In che modo il lockdown ha modificato la vita dei ragazzi?
Il primo lockdown è già stato un colpo molto pesante e Pepita si è impegnata per cercare di non far sentire solo nessuno. Ha interagito con gli adolescenti, ha voluto dar voce a una generazione. I nostri educatori si sono impegnati inizialmente a dar loro uno spazio virtuale per poi (finalmente) arrivare a uno spazio fisico durante l’estate. Siamo riusciti a lavorare in oltre 100 campi estivi mostrando l’importanza della condivisione, del divertimento e dell’accoglienza.
Quale risposta educativa dare a una generazione di giovani?

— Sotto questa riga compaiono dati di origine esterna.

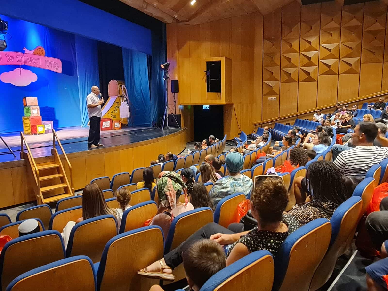 לאחר מכן צפו הילדים ובני המשפחה בהצגה "מחסן השטוזים" של תיאטרון אורנה פורת.ההצגה מספרת על 'מחסן השטוזים' של המשוררת, הסופרת והמלחינה דתיה בן דור.השליח שהגיע כדי למסור פיצה לגברת בן דור, פוגש את סבתא מינה מבנימינה, את הילדה עם המטריה, את הצבעים שהתבלבלו, את השובבים שבמיטה ועוד שירים, מנגינות וסיפורים של דתיה המסתתרים בתוך ארגזי המחסן הקסום ומלא ההפתעות.באירוע השתתפו כ- 155ילדים והורים, אשר קיבלו כשי ילקוטים עם קלמרים ושי מתוק לפתיחת השנה.הילדים נהנו ממפגש חינוכי ערכי לטובת תחילת דרכם במערכת החינוך.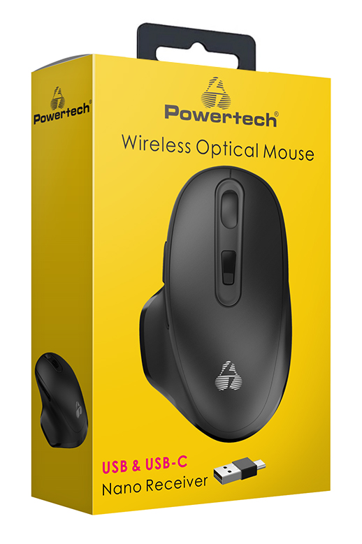 POWERTECH ασύρματο ποντίκι PT-1152, USB & USB-C δέκτη, 1600DPI, μαύρο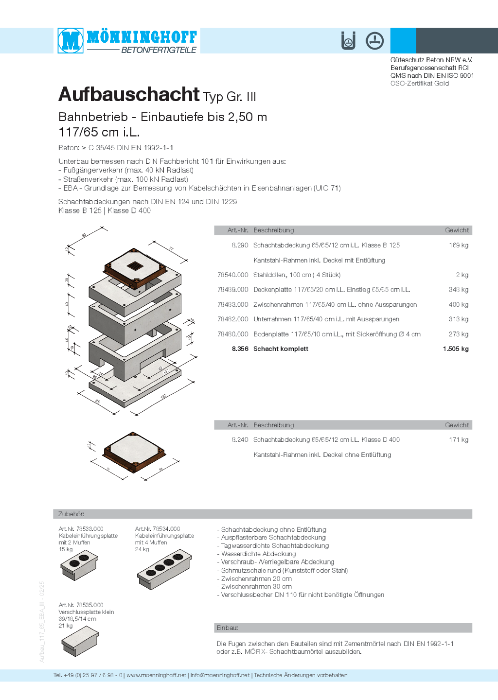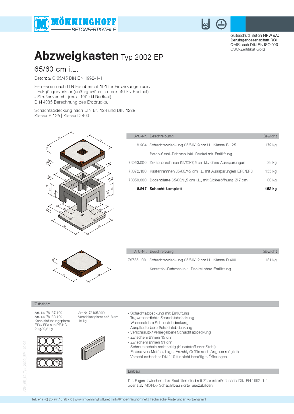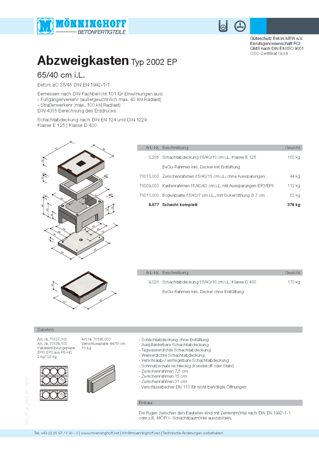 Mönninghoff bietet Ihnen eine reichhaltige Auswahl an Aufbauschächten für unterschiedlichste Anwendungsfälle: Abzweigkästen, Kabelschächte mit und ohne Muffen, Modulschächte...
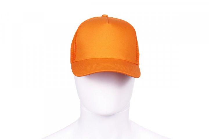 Unisex 5 paneļu cepure no kokvilnas sarža un tīklveida auduma sānu un aizmugures paneļos labākai gaisa caurlaidspējai. Iepriekš izliekts sejsegs, izšūtas cilpiņas un regulējama aizdare ar plastmasas sprādzi. Kartona kārbā ir 4 25 gabalu izvietošanas kastītes, kas iepakotas polietilēna maisiņos ar 5 cepurēm katrā, kopā 100 gabali. Minimālā pārdodamā vienība: 5 gab. (1 polietilēna maisiņš).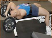 Estirado en un plano horizontal, la barra cogida en pronación, los antebrazos flexionados, brazos verticales, inspirar y efectuar una extensión de los codos procurango no separarlos demasiado para que la barra descienda a nivel de la frente o por detrás de la cabeza.
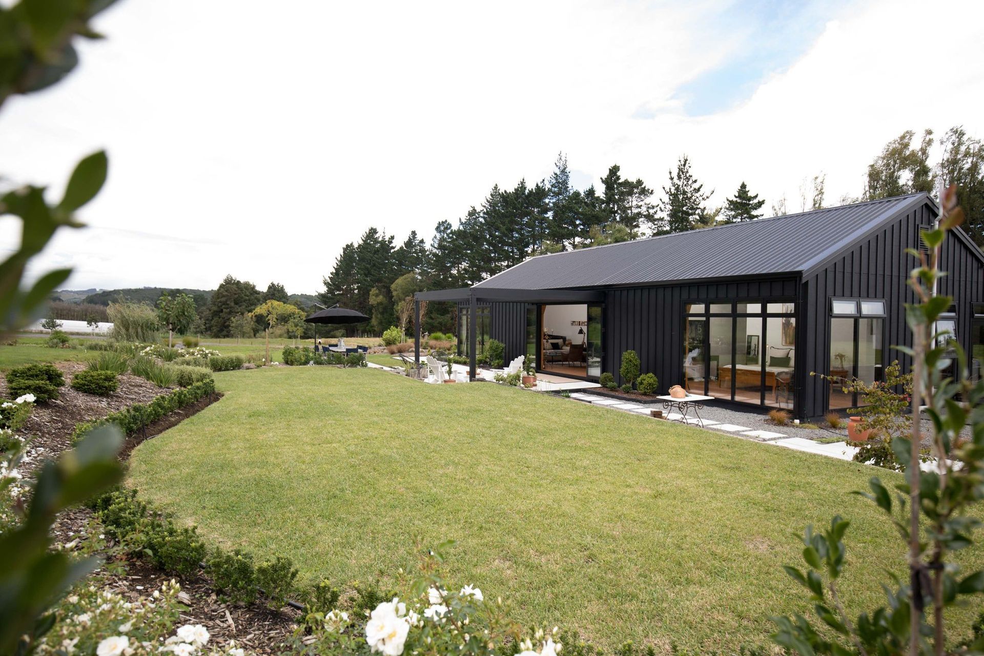 ArchiPro Project Summary - Longhouse Dream features a striking blend of Triclad board and batten cladding, complemented by Colorsteel roofing and rainwater systems, showcasing sustainable materials and contemporary design in Ramarama.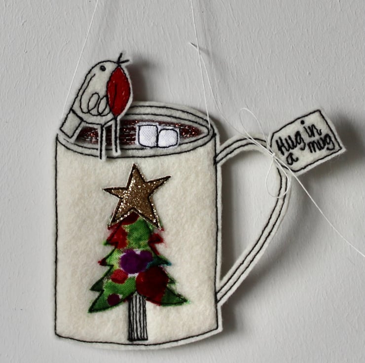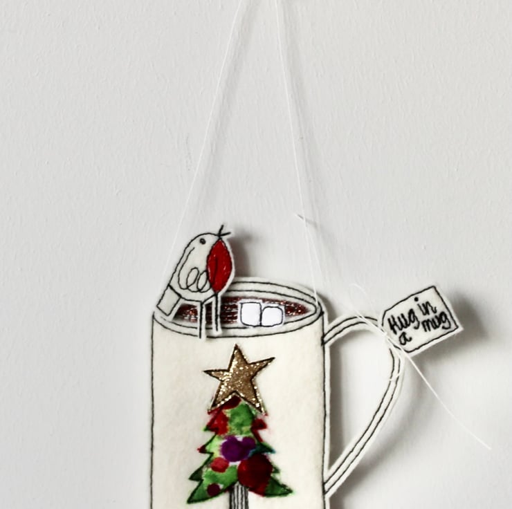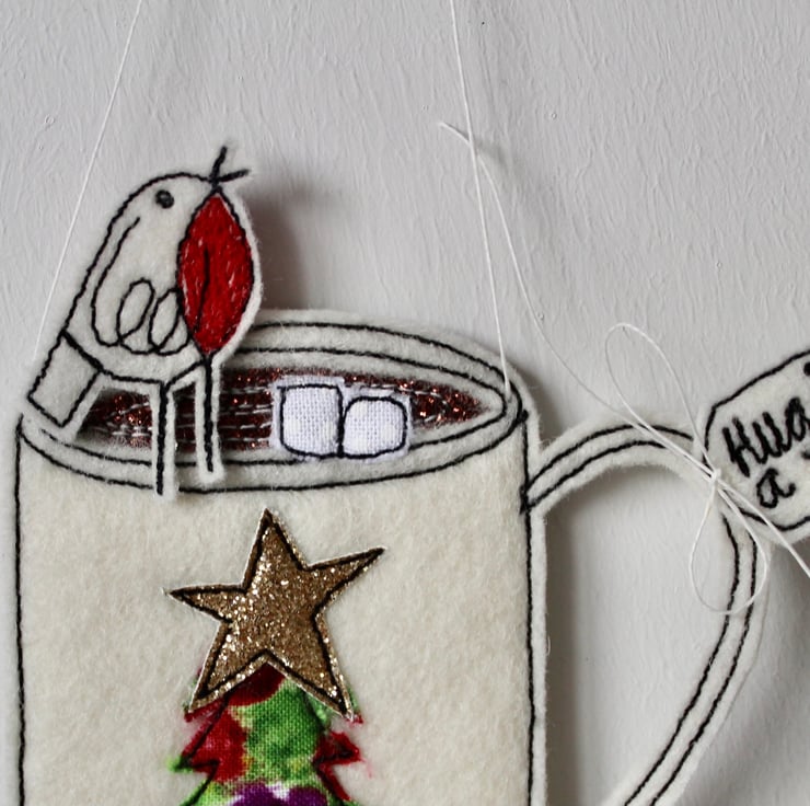 A delightful hanging decoration which is created using multiple layers of 100% wool felt, cotton cloth, glitter cloth, free hand machine embroidery and cut out by hand, using a very sharp pair of scissors.

Abbiamo visto davvero poco lavoro di progettazione per una ripresa che potesse garantire ai nostri ragazzi di poter vivere il loro tempo: tanto impegno sulla logistica, ma pochissimo impegno sulle sfide educative.
Ci chiediamo che cosa sia stato fatto davvero per questi ragazzi, la cui realtà è stata totalmente ribaltata da un giorno all’altro.

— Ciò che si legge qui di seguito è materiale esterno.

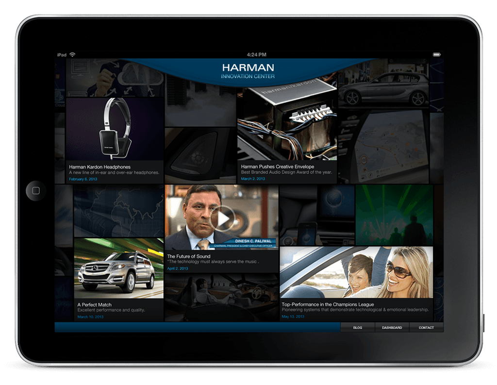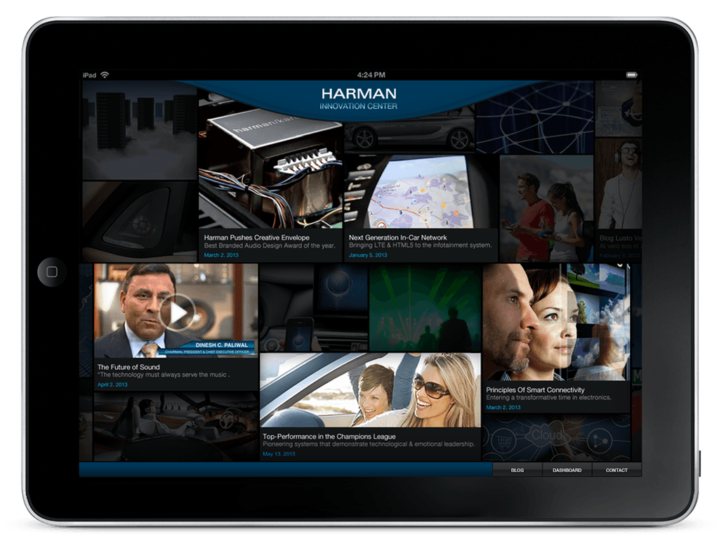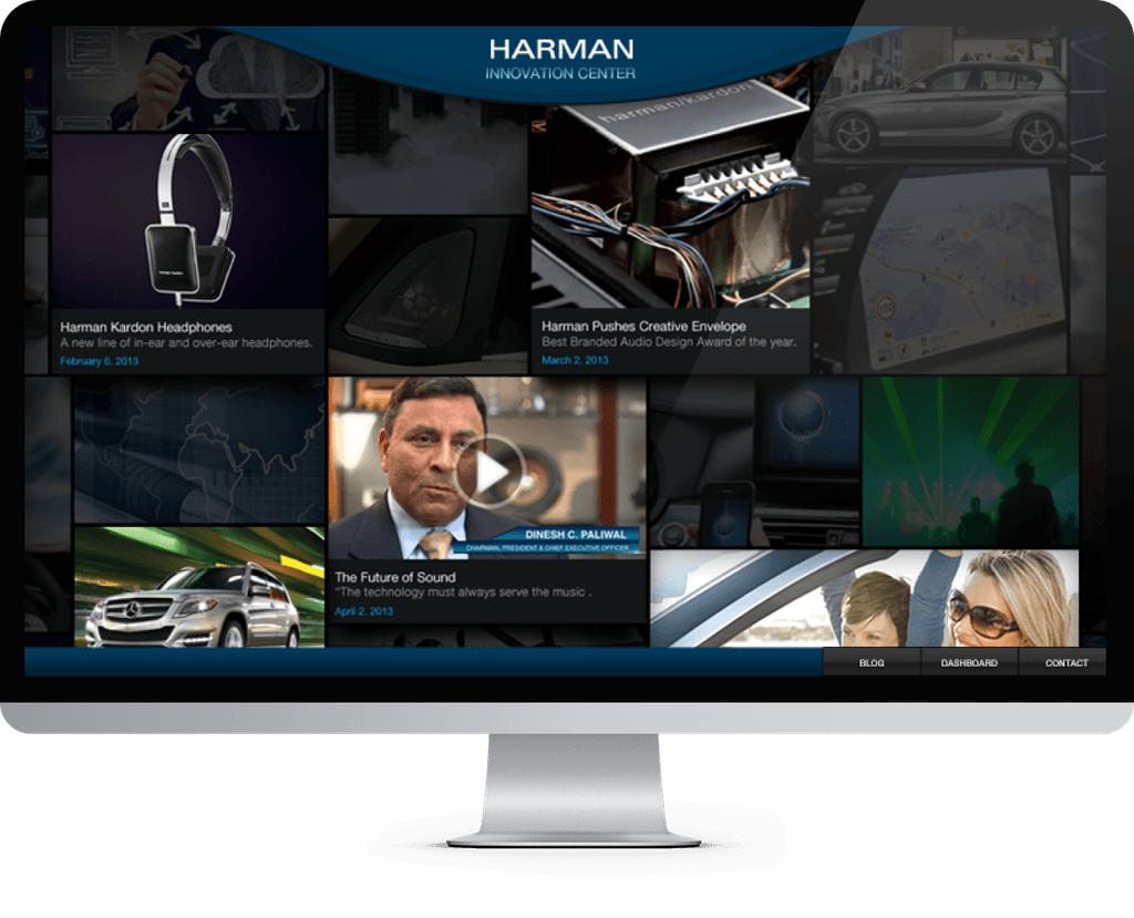 The interface turned Harman’s innovations into an immersive, intuitive experience. Flowing content tiles created visual interest with automatic highlighting, while overlays added depth without disrupting navigation.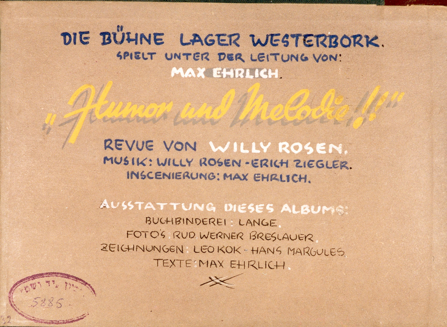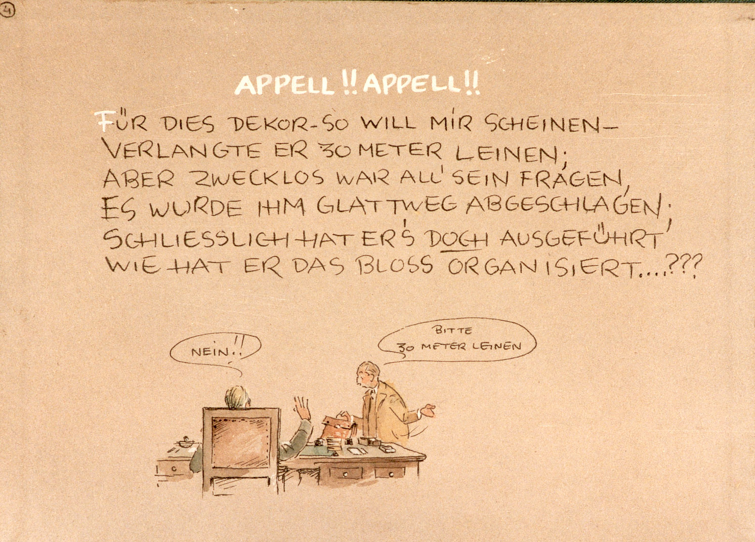 Appell!! Appell!! Appell!! Lied uit het boek 'Humor und Melodie'. Tekst met illustratie. Kamp Westerbork, 1943-09-27. Betreft een foto van het boek 'Humor und Melodie' (Cabaret). De getekende personen stellen kampcommandant Gemmeker (achter zijn bureau) en Max Ehrlich voor.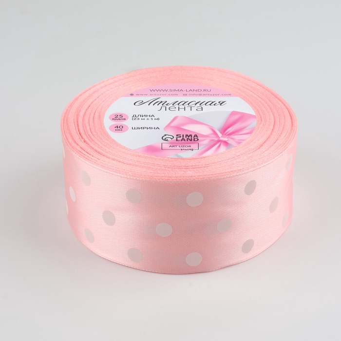 Лента атласная «Горошек», 40 мм, 23±1 м, розовая №004 — Характеристики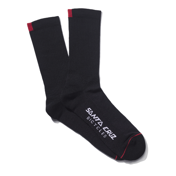 Nos chaussettes de vélo incontournables avec un bloc rouge classique Santa Cruz.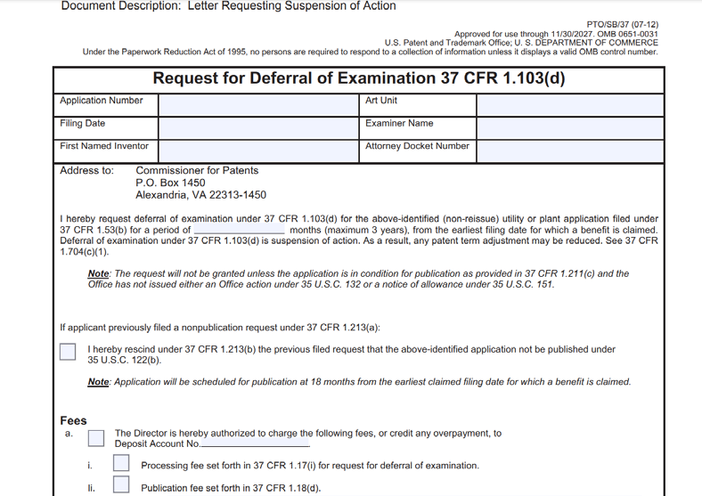 申请人在USPTO发出一通前主动提出请求延迟审查

Oggi si vive aspettando il prossimo decreto, in attesa dell’ennesima manifestazione per proteste provocando un sostanziale disorientamento.
La DAD, oggi come oggi, sta avendo sempre più importanza all’interno della vita dei nostri ragazzi: si svegliano, restano a casa e accendono il computer. Nessun contatto, nessuna parola, nessun sorriso.
Non esiste più l’intervallo, l’uscita da scuola tutti insieme: c’è solo una telecamera che li inquadra, che li scruta. L’unica speranza è che funzioni la connessione internet e non più la connessione con il compagno di banco.
Come possiamo essere un esempio per questi ragazzi se dopo mesi di agonia, siamo tornati a fallire e a far chiudere di nuovo gran parte delle imprese?
Sono stati costretti a diventare adulti troppo in fretta, ad affrontare un mondo digitale con troppe restrizioni per essere dei semplici bambini e/o adolescenti.
Pepita vuole lasciare un segno, vuol dare a questi ragazzi e agli insegnanti una “via d’uscita”, un aiuto: sostenere l’attività dei centri educativi (oratori, centri di aggregazione) favorendo, nel rispetto delle indicazioni sanitarie, l’incontro e la condivisione di spazi con la presenza di educatori preparati.In secondo luogo vuol prevedere l’impiego di équipes multidisciplinari (psicologi, educatori professionali) di prossimità territoriale per il supporto e il sostegno ai ragazzi in difficoltà.